Hi everyone...as the title says I am new to FW tanks...I currently have a 93 gallon cube SW tank for about 5 years now...anyways my girlfriend would like to keep a 20 gallon glo fish tank in her classroom at school...I have done some research and what not and am hoping that a lot of things are similar to salt water...I see that one still needs to cycle the tank which I am of course familiar with that...I see that some people use QT tanks which I am of course familiar with this as well...what I am more concerned about is the places that sell the glo fish in starter packs? There are packs of 10-20 fish for example? Now like salt water I would assume you shouldn’t be adding 10 fish at a time? For of course the obvious change in water parameters? So I guess my question is...do I just purchase 1-2 at a time or...? Can I go with 5 at a time for schooling reasons or...? Also...I see there are water conditioners that are out there? Is this something I need? Seeing that I use an RODI system for my saltwater aquariums for there water...would I need to treat the water for the freshwater tanks if it is from the rodi unit?


----------



## lonedove55 (Jan 25, 2012)

Hmm, I've never heard of a "starter pack" even in glo fish. And I don't think I would add that many fish at one time, even to a fully cycled tank. You can just use normal tap water for fresh fish, but test the water first...you'd be surprise how many water supplies show some nitrates, even ammonia. And yes, you would need a water conditioner to remove chlorine and chloramine. A good one to use is Seachem Prime. It's very concentrated and is economical when you figure in what little you have to use. If you do use RODI, you will probably have to add back in minerals, etc just like salt water, as fish need them for growth and health.

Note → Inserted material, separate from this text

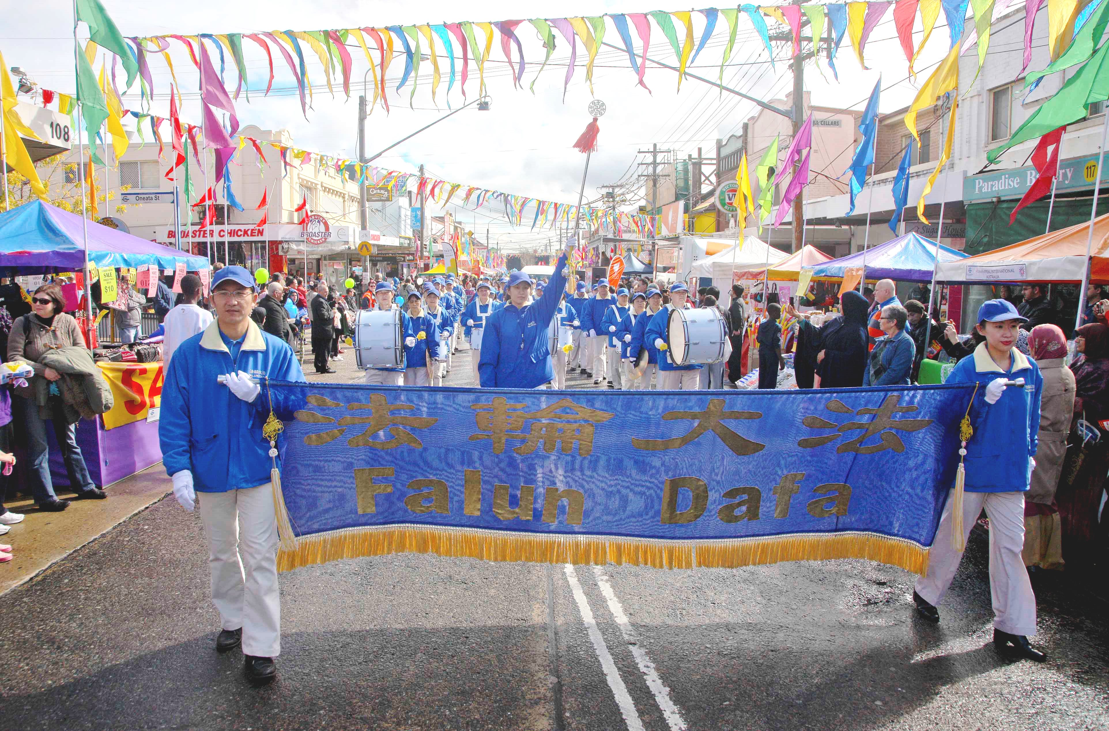 法轮功学员不仅把真、善、忍的纯正能量传播给这个地区的民众,而且净化着所到之处的天空。原本还下着大雨的天气很快放晴。一片蓝天象开天窗一样出现在Lakemba市的上空,阳光从云间透出,直射小城。正如一位天国乐团成员的感慨:“大法音乐演奏到哪里,哪里必晴天。”
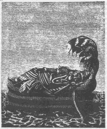 Рис. 28. Вишну, спящий на кольцах змея космического времени

I recently set up a 20 gallon glo fish tank for my granddaughter and used part of my freshwater filter media along with new filter media (canister) for cycling her tank. It worked awesome, totally cycled, no mini cycle and we could add fish right away. Glo fish (the danio type) are very hardy fish, so you really can't go wrong there. My granddaughters has the glo fish tetras, so I'm not real sure how hardy they are. Oh, and the danio type really do not need a heater if the water temp stays constant between about 65 to 70ish. Consider using live plants! Her fish will thank you!


----------